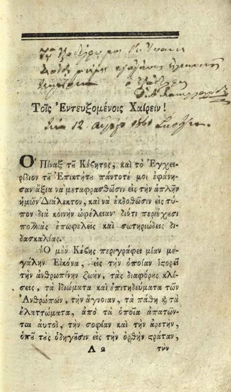 Δημήτριος Ν. Δάρβαρης. Χρυσοῦν Ἐγκόλπιον ἤτοι Κέβητος Θηβαίου Πίναξ καὶ Ἐπικτήτου Ἐγχειρίδιον Μεταφρασθέντα ἐκ τῆς ἑλληνικῆς εἰς τὴν καθ’ ἡμᾶς κοινοτέραν διάλεκτον μετά τινων σημειωμάτων... καὶ Σχεδίασμα περὶ τῶν Καθηκόντων... καὶ ἐκδοθέντα ὑπὸ... Ἰωάννου Νικολάου τοῦ Δαρβάρεως..., Βιέννη, 1799.
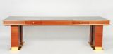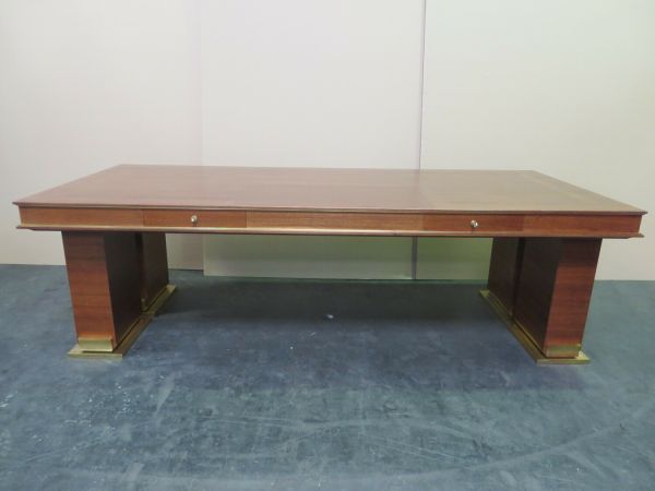 Quatre piétements rectangulaires bronze avec agrafe portant 4 socles à face concave formant pieds orné d'un centre à motif bronze avec la croix de la libération. 2 tiroirs à clef dans la ceinture. Dessus plein marqueté avec baguettes et listels bronze doré dans la ceinture unie ; le centre gainé maroquin marron.
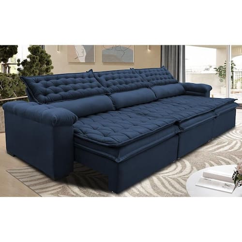 - O sofá possui botões forrados na cor do modelo escolhido em todos os seus encostos.
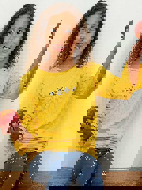 Meet your new wardrobe must-have this season! This standout sweetcorn yellow top features flare and frill sleeves, a lovely floral embroidery on the chest and soft gathers at the yoke. This special number is made with soft and breathable slub fabric. Made from 100% organic cotton.
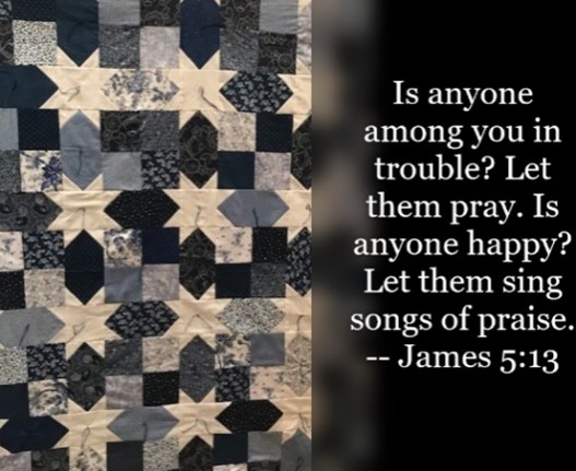 For many years now, I also have taken my passion for making quilts and participated in a program called Prayers and Squares. This organization asks quilters to sew together a quilt top. The top is “sandwiched” together with batting and backing. A heavy thread is used to take stitches thru the quilt layers, and the ends are left free to be tied with a square knot. As each knot is tied, a silent prayer is said for someone in special need, who then receives the quilt. Every time I make one of these Prayer Quilts I thank God he has given me this gift of quilting to help others.
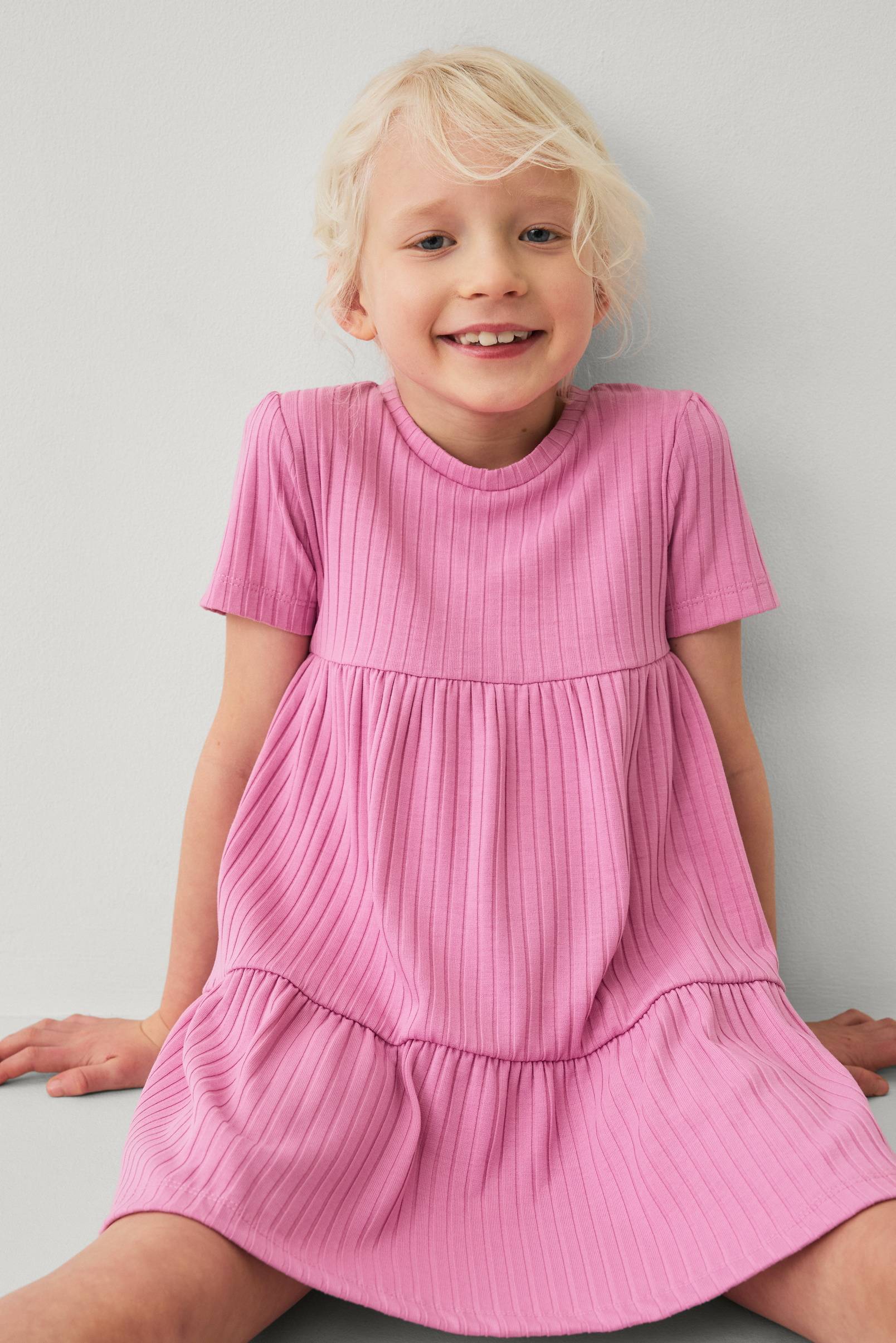 • Ribbad klänning• Rund halsringning• Korta puffärmar• Rynkad avskärning i midjan• Volang nedtill

- _Task directions_: Retype the data above verbatim, minus images.

- _Answer area_:
 Δημήτριος Ν. Δάρβαρης. Χρυσοῦν Ἐγκόλπιον ἤτοι Κέβητος Θηβαίου Πίναξ καὶ Ἐπικτήτου Ἐγχειρίδιον Μεταφρασθέντα ἐκ τῆς ἑλληνικῆς εἰς τὴν καθ’ ἡμᾶς κοινοτέραν διάλεκτον μετά τινων σημειωμάτων... καὶ Σχεδίασμα περὶ τῶν Καθηκόντων... καὶ ἐκδοθέντα ὑπὸ... Ἰωάννου Νικολάου τοῦ Δαρβάρεως..., Βιέννη, 1799.
 Quatre piétements rectangulaires bronze avec agrafe portant 4 socles à face concave formant pieds orné d'un centre à motif bronze avec la croix de la libération. 2 tiroirs à clef dans la ceinture. Dessus plein marqueté avec baguettes et listels bronze doré dans la ceinture unie ; le centre gainé maroquin marron.
 - O sofá possui botões forrados na cor do modelo escolhido em todos os seus encostos.
 Meet your new wardrobe must-have this season! This standout sweetcorn yellow top features flare and frill sleeves, a lovely floral embroidery on the chest and soft gathers at the yoke. This special number is made with soft and breathable slub fabric. Made from 100% organic cotton.
 For many years now, I also have taken my passion for making quilts and participated in a program called Prayers and Squares. This organization asks quilters to sew together a quilt top. The top is “sandwiched” together with batting and backing. A heavy thread is used to take stitches thru the quilt layers, and the ends are left free to be tied with a square knot. As each knot is tied, a silent prayer is said for someone in special need, who then receives the quilt. Every time I make one of these Prayer Quilts I thank God he has given me this gift of quilting to help others.
 • Ribbad klänning• Rund halsringning• Korta puffärmar• Rynkad avskärning i midjan• Volang nedtill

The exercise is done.